Source material below:
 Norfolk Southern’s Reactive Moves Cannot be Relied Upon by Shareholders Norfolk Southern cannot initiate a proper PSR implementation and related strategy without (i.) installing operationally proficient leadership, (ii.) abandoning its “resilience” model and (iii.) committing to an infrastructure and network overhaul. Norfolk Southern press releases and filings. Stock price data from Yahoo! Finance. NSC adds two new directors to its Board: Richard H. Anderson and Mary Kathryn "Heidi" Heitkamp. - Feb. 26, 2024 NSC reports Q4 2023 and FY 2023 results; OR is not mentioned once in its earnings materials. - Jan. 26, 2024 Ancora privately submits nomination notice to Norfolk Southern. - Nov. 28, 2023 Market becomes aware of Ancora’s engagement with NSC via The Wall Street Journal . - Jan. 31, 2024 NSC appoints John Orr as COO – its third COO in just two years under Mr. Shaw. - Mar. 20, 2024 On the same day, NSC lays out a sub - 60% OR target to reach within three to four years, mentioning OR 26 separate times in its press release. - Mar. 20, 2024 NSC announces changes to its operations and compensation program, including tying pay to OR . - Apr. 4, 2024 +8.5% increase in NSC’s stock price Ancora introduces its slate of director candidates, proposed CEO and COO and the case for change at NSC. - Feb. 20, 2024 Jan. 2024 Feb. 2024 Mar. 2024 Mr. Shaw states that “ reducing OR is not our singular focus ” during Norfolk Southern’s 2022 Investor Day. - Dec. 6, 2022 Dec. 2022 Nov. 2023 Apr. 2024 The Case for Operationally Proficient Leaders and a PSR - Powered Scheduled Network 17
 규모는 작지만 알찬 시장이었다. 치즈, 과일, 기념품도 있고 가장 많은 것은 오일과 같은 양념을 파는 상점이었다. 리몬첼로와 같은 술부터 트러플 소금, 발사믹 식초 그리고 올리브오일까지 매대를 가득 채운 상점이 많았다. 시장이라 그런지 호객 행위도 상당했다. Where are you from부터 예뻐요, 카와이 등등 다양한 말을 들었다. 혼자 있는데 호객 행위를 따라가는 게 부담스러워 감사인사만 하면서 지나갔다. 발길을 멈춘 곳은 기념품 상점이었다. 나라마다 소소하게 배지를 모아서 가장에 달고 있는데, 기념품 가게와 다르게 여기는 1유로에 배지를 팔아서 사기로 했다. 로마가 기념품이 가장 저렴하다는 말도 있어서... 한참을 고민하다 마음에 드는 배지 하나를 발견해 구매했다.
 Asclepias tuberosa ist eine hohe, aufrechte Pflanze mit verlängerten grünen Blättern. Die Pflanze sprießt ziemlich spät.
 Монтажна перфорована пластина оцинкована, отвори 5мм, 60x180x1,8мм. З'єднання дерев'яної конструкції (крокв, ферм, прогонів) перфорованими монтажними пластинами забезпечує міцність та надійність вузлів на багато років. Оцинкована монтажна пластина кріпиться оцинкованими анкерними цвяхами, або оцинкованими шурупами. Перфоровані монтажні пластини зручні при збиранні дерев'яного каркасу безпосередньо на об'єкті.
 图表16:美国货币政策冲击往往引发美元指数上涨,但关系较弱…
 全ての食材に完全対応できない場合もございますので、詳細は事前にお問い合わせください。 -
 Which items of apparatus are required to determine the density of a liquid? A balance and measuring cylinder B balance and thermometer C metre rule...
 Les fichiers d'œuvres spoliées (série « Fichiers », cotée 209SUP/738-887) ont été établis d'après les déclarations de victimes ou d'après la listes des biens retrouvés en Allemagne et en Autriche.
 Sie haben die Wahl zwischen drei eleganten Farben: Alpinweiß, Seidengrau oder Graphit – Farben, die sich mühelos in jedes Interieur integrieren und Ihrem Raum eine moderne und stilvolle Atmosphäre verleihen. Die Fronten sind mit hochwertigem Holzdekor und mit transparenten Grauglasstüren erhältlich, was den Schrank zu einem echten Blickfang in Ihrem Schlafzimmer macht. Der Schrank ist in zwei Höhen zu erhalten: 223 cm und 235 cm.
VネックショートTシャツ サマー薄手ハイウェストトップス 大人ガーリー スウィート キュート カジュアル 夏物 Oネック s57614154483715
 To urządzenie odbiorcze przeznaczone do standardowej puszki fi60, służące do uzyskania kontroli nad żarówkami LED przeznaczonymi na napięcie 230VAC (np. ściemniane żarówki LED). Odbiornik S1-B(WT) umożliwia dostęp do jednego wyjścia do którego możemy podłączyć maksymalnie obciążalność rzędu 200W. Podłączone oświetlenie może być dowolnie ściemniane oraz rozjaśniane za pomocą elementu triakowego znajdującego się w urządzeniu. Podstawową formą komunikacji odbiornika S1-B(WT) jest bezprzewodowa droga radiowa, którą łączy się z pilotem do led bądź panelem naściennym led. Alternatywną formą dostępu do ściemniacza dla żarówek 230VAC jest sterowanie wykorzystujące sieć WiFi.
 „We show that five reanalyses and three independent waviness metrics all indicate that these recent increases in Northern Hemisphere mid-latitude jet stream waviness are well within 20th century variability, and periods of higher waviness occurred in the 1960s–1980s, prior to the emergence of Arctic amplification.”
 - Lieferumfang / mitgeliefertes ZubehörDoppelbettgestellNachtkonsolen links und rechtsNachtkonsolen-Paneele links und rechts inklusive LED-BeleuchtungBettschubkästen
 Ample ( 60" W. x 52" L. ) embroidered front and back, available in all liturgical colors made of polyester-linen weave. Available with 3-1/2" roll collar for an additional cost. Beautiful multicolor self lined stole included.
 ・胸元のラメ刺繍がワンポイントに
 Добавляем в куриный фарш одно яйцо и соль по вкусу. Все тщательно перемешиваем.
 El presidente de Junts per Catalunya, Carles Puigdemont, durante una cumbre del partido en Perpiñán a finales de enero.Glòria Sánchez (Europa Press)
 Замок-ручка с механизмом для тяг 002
End of Source material.
Problem description :: Check each line above for the string "eine", then copy the ones that have it.

Solution ::
 Asclepias tuberosa ist eine hohe, aufrechte Pflanze mit verlängerten grünen Blättern. Die Pflanze sprießt ziemlich spät.
 Sie haben die Wahl zwischen drei eleganten Farben: Alpinweiß, Seidengrau oder Graphit – Farben, die sich mühelos in jedes Interieur integrieren und Ihrem Raum eine moderne und stilvolle Atmosphäre verleihen. Die Fronten sind mit hochwertigem Holzdekor und mit transparenten Grauglasstüren erhältlich, was den Schrank zu einem echten Blickfang in Ihrem Schlafzimmer macht. Der Schrank ist in zwei Höhen zu erhalten: 223 cm und 235 cm.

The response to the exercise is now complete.